------ SOURCE DATA ------

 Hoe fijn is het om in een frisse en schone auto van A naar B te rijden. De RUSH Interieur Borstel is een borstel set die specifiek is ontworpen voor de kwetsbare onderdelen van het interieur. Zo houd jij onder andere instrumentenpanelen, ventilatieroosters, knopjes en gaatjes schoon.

------
------ SOURCE DATA ------

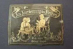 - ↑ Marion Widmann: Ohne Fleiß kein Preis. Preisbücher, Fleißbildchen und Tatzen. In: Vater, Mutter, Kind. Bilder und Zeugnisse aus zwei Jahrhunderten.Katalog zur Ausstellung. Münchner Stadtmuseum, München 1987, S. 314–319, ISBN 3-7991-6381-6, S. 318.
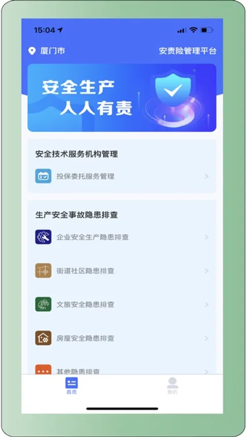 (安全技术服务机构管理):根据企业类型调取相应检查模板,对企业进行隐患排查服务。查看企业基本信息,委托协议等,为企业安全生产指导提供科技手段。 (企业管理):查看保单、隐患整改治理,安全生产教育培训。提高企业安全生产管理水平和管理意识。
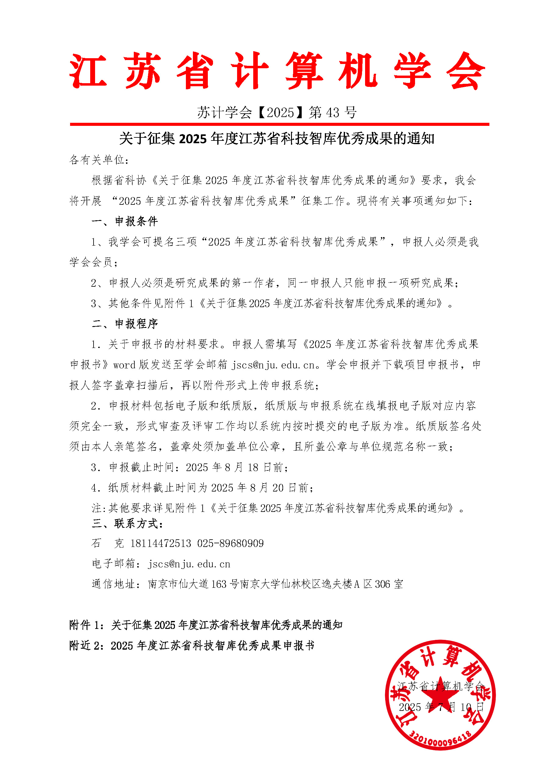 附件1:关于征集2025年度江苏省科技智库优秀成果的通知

------
------ SOURCE DATA ------

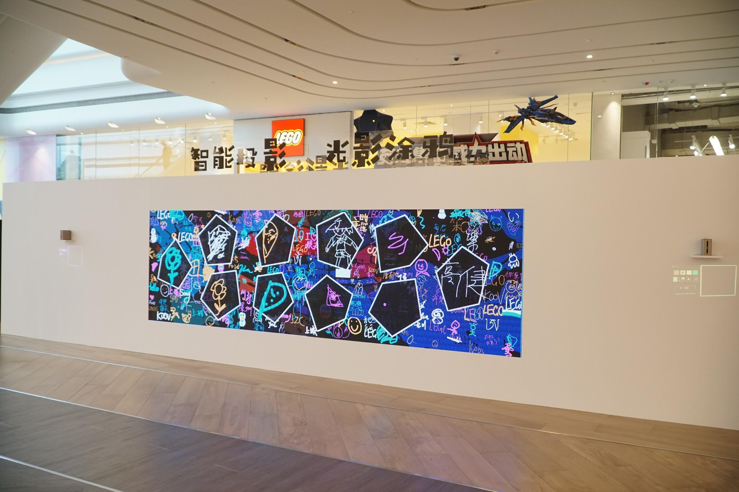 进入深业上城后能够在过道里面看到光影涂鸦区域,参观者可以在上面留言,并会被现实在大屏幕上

------

## WORK REQUEST
From the material above, output only the span of lines that starts at the one containing "- ↑ Marion Widmann: Ohne" and finishes at the one containing "附件1:关于征集2025年度江苏省科技智库优秀成果的通知", word for word and free of pictures.

## REPLY TO THE TASK
 - ↑ Marion Widmann: Ohne Fleiß kein Preis. Preisbücher, Fleißbildchen und Tatzen. In: Vater, Mutter, Kind. Bilder und Zeugnisse aus zwei Jahrhunderten.Katalog zur Ausstellung. Münchner Stadtmuseum, München 1987, S. 314–319, ISBN 3-7991-6381-6, S. 318.
 (安全技术服务机构管理):根据企业类型调取相应检查模板,对企业进行隐患排查服务。查看企业基本信息,委托协议等,为企业安全生产指导提供科技手段。 (企业管理):查看保单、隐患整改治理,安全生产教育培训。提高企业安全生产管理水平和管理意识。
 附件1:关于征集2025年度江苏省科技智库优秀成果的通知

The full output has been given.